The company believes that the restructuring of the convertibles is needed to enable it to raise additional financing and therefore crucial to keep the company as a going concern until after it has received such financing.

The exchanged convertibles would have a conversion price per share of 115% of the lower of CHF 4.80 or the daily VWAP of one share for the five trading days preceding the settlement of the exchange offer and not less than CHF 2.50.

The maturity date would be pushed to Aug. 17, 2024 from Feb. 17, 2022.

The interest on the notes would be increased to 7.5% from 5%, newly payable in cash or at the option of the company in shares at a 10% discount to the then-prevailing market price of the shares.

There would be a make-whole payment for early redemption, whereas there is no make-whole redemption currently.

For the right to redeem the bonds, the conversion price would be 150% on the new notes versus 160% previously.

The company must exchange at least 50% of the bonds for the exchange offer to happen.

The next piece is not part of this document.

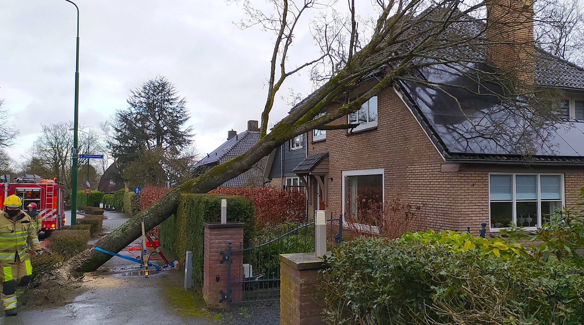 Huizerhoogt, Blaricummerstraat, 16:53 uur: een gemeenteboom is tegen een huis gevallen. Behoorlijk wat schade aan het dak. Brandweer Blaricumen Huizen hebben veilig gesteld en opgeruimd. Het verkeer is enige tijd omgeleid. Een omwonende sprak zijn ongerustheid uit over de kwaliteit van de andere bomen.

Additional consents are being sought at a bondholders’ meeting that require a two-thirds majority.

Should the company receive the necessary consents, the original bond restructuring would be pursued and the exchange offer would be terminated.

The exchange offer period starts on April 6 and ends at noon ET on April 19.

An additional acceptance period will start April 21 and end at noon ET on April 27 if the first offer is successful.

Settlement is planned for May 4.

Stifel Nicolaus Europe Ltd. is the financial adviser to the company.

Santhera is a Liestal, Switzerland-based pharmaceutical company.